This I did often, in my nightmares, and so I turned to the one thing he had left me, though, I thought with a bitter chuckle, he would have preferred had my notes and stories fallen down a cliff rather than he.
My case notes were disorganized and in no order whatsoever. Some I had been in the process of writing into fuller narratives while others were still made up of scraps of paper on which I had hastily jotted down my impressions of clients and denouements of cases as they happened. Compared to Holmes's untidy mess of papers, however, I felt quite confident in my ability to make some sense of them.

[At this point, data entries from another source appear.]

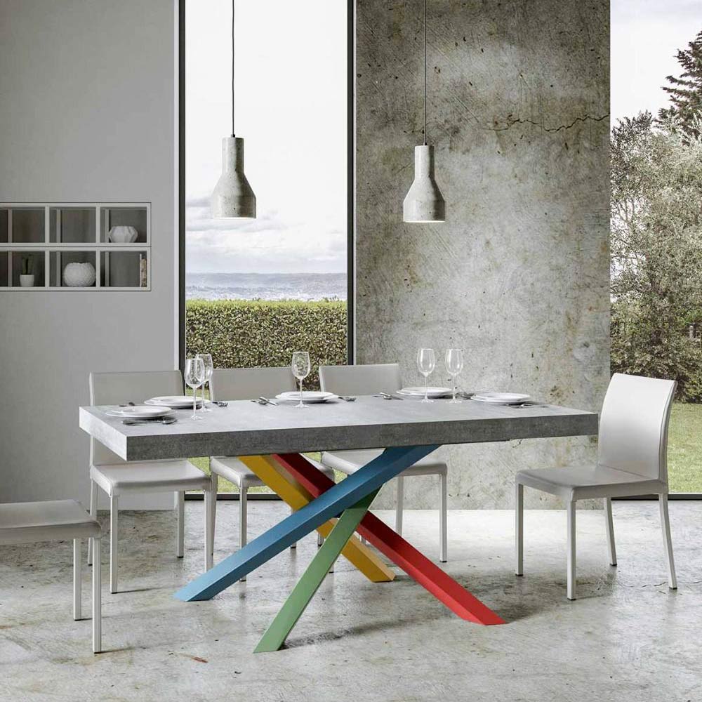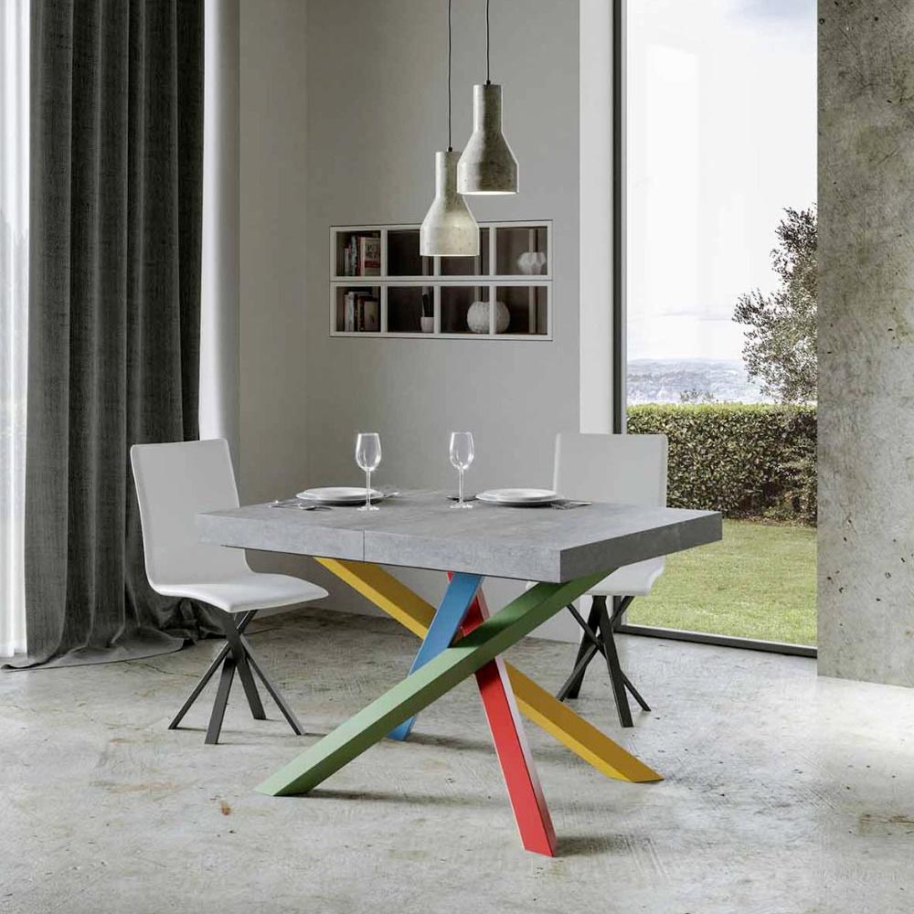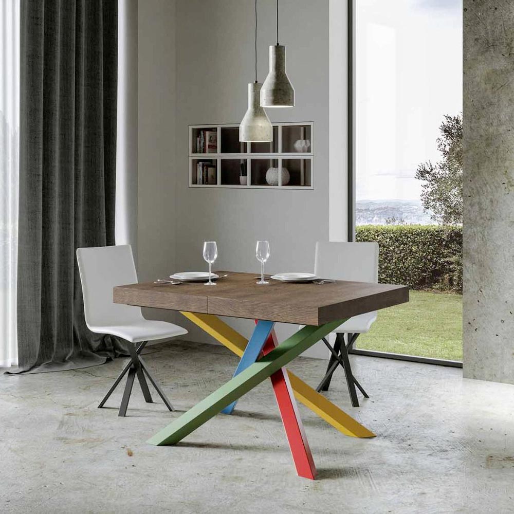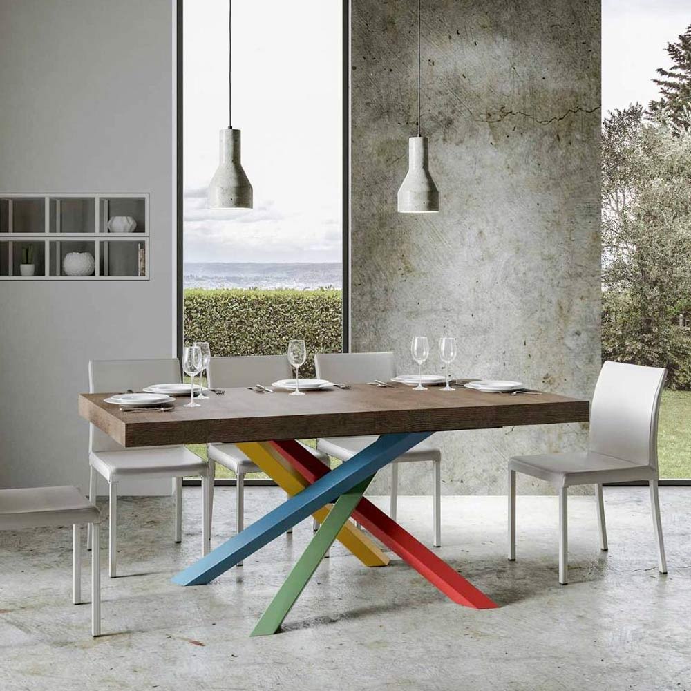 Scoprite il tavolo allungabile, un capolavoro di design moderno che si distingue per la sua silhouette unica e la sua funzionalità versatile. Il piano in legno esalta la luminosità degli spazi, offrendo una superficie liscia e robusta che invita all'uso quotidiano. La base del tavolo è un vero e proprio spettacolo geometrico, con gambe incrociate che si intrecciano in un gioco di colori. La combinazione proposta è : Gamba 1: Rosso Carminio (RAL 3002). Gamba 2: Verde Giallastro (RAL 6018). Gamba 3: Blu Distante (RAL 5023). Gamba 4: Giallo Segnale (RAL 1003). I colori RAL sono opachi. Questa combinazione non solo aggiunge un tocco di vitalità al design ma garantisce anche stabilità e resistenza. Il meccanismo di estensione del tavolo è tanto semplice quanto ingegnoso, permettendo di trasformare questo elegante mobile da un pratico tavolo per quattro a un'accogliente area per ospitare cene e riunioni più numerose.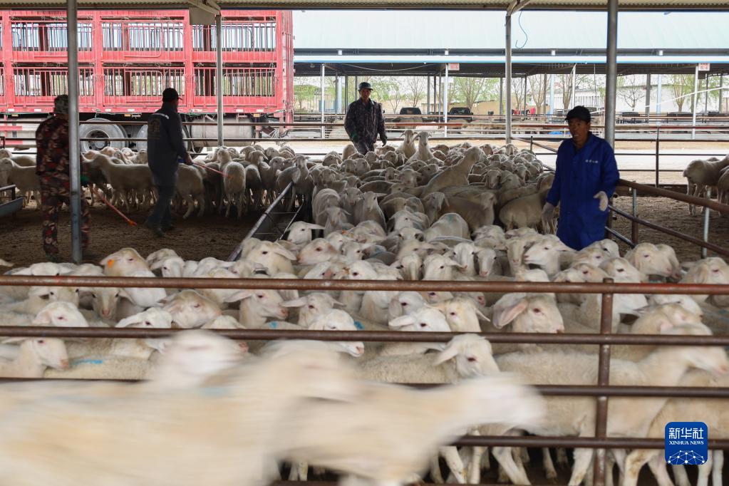 5月7日,在古浪森茂牛羊交易市場,工作人員趕羊裝車。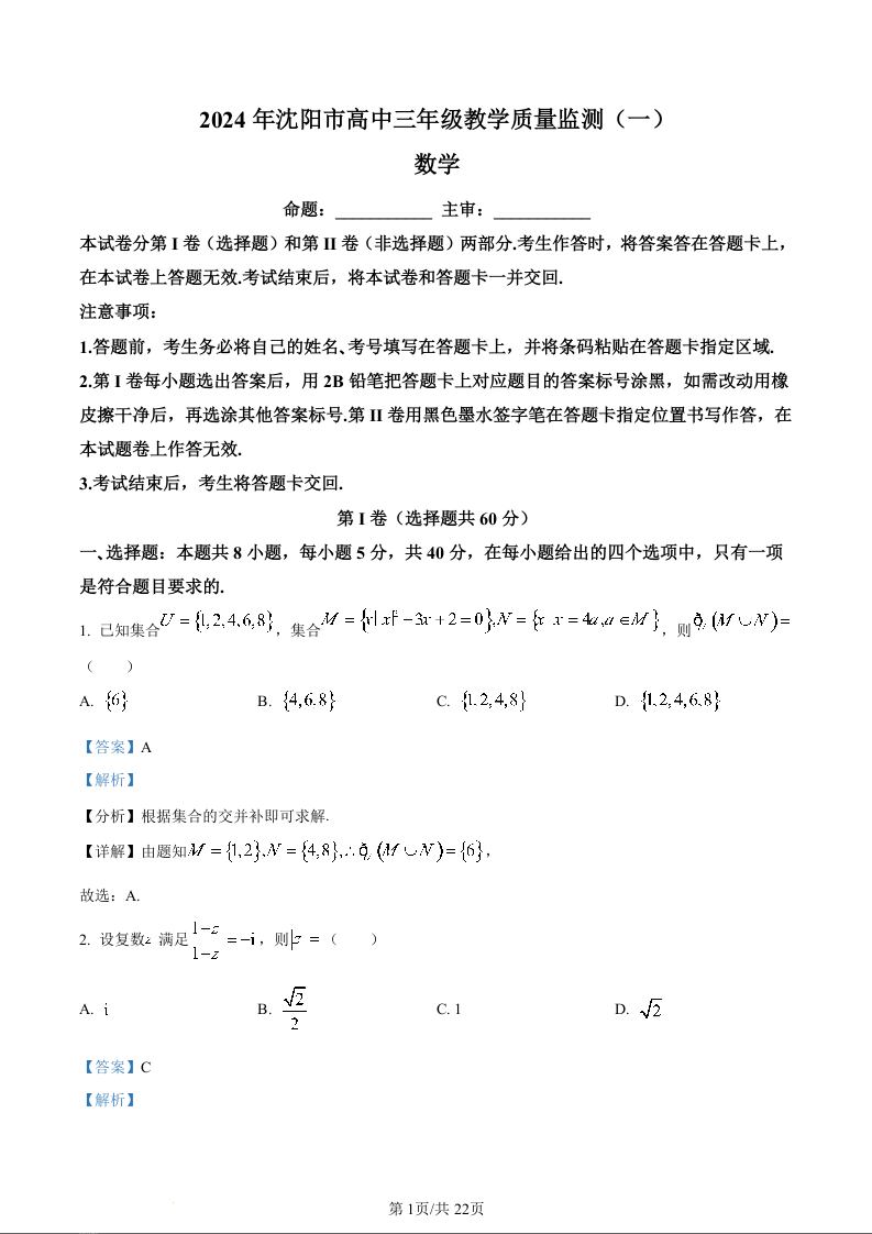 辽宁省沈阳市2023-2024学年高三上学期教学质量监测(一)数学答案

Holmes had reacted so poorly to both of my novels that I had refrained from asking permission to publish his cases as a series of stories, despite the number of times my literary agent all but begged me to do so, saying that the interest the public held in my friend was unlike anything seen since the height of Mr. Dickens' popularity, and that his exploits naturally lent themselves to such a series. I would never have dreamed of going against Holmes's wishes in this matter, however, and so my writings had remained a private exercise for myself. I supposed now I was free of my promise and might write up any cases I could freely make public without harm to those involved. If only my pen might have been freed in a way less devastating to myself. Yet, I could not help but feel it was my duty to finish my record of my friend's career. Should his memory be lost to history, he would indeed be gone forever.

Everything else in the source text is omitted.